COLLECTED MATERIAL »
+===+
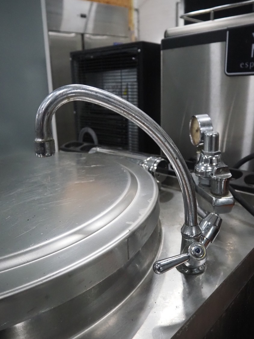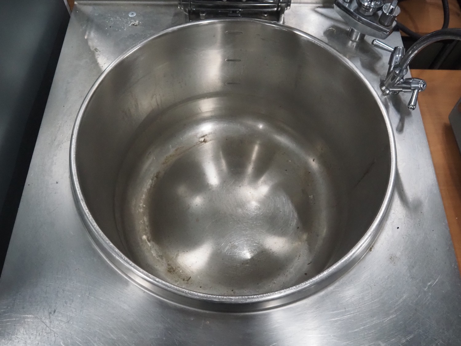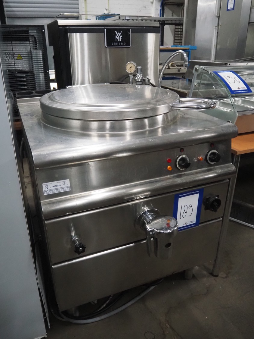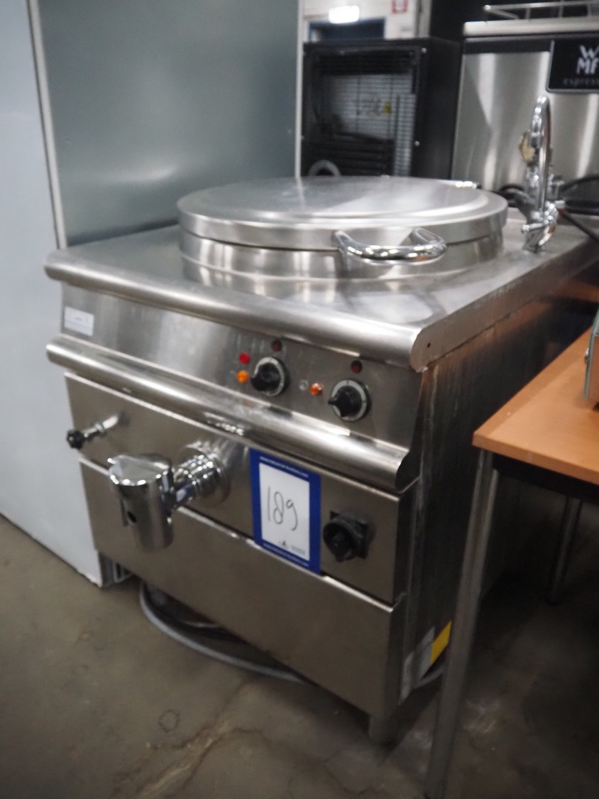 Metos cooking vessel, model: 9PF/EI100, serial number: B0016853, 400 V, 3 Ph, 50/60 Hz, 16 kW, inside dimensions: Ø 600 mm x 400 mm, total dimensions: 1000 mm x 800 mm x 1200 mm.
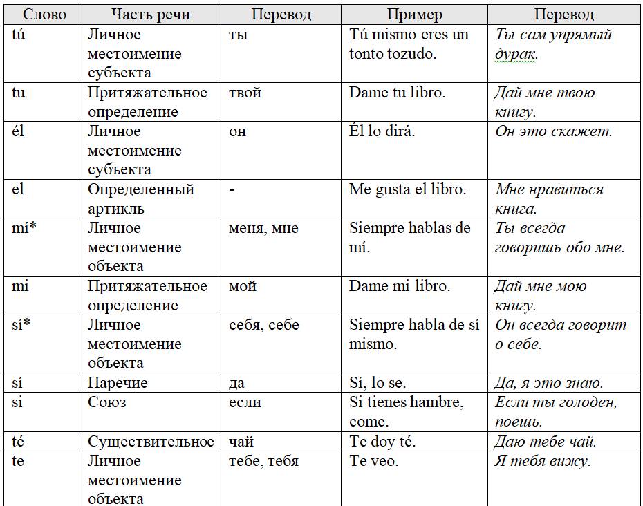 Например, звучащее как [ту] слово может означать на испанском языке личное местоимение ты или притяжательное местоимение твой. Пишется оно в обоих случаях одинаково: tu. Для того, чтобы в письменной речи отличать одно от другого, над одним из них ставится знак ударения. Таким образом, получается два разных графических изображения tú (ты) и tu (твой).
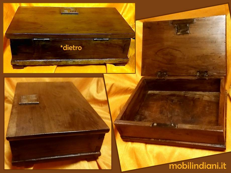 Disponibilità 1Scatola portagioie antica, di forma rettangolare in legno di noce con placchetta sul coperchio. Anni '50 Priva di serratura, con una bella patina compatibili con la datazione. Oggetto restaurato. Cm.31x20 h.10. Provenienza Italia COSTO TRASPORTO €. 35,38 Iva Inclusa. Per costi trasporto Isole, chiedi info su WhatsApp o mail: info@mobilindiani.it
+===+
INSTRUCTIONS FOR THE TASK »
Exact repetition of each line above is expected; images are to be omitted.

YOUR SOLUTION »
 Metos cooking vessel, model: 9PF/EI100, serial number: B0016853, 400 V, 3 Ph, 50/60 Hz, 16 kW, inside dimensions: Ø 600 mm x 400 mm, total dimensions: 1000 mm x 800 mm x 1200 mm.
 Например, звучащее как [ту] слово может означать на испанском языке личное местоимение ты или притяжательное местоимение твой. Пишется оно в обоих случаях одинаково: tu. Для того, чтобы в письменной речи отличать одно от другого, над одним из них ставится знак ударения. Таким образом, получается два разных графических изображения tú (ты) и tu (твой).
 Disponibilità 1Scatola portagioie antica, di forma rettangolare in legno di noce con placchetta sul coperchio. Anni '50 Priva di serratura, con una bella patina compatibili con la datazione. Oggetto restaurato. Cm.31x20 h.10. Provenienza Italia COSTO TRASPORTO €. 35,38 Iva Inclusa. Per costi trasporto Isole, chiedi info su WhatsApp o mail: info@mobilindiani.it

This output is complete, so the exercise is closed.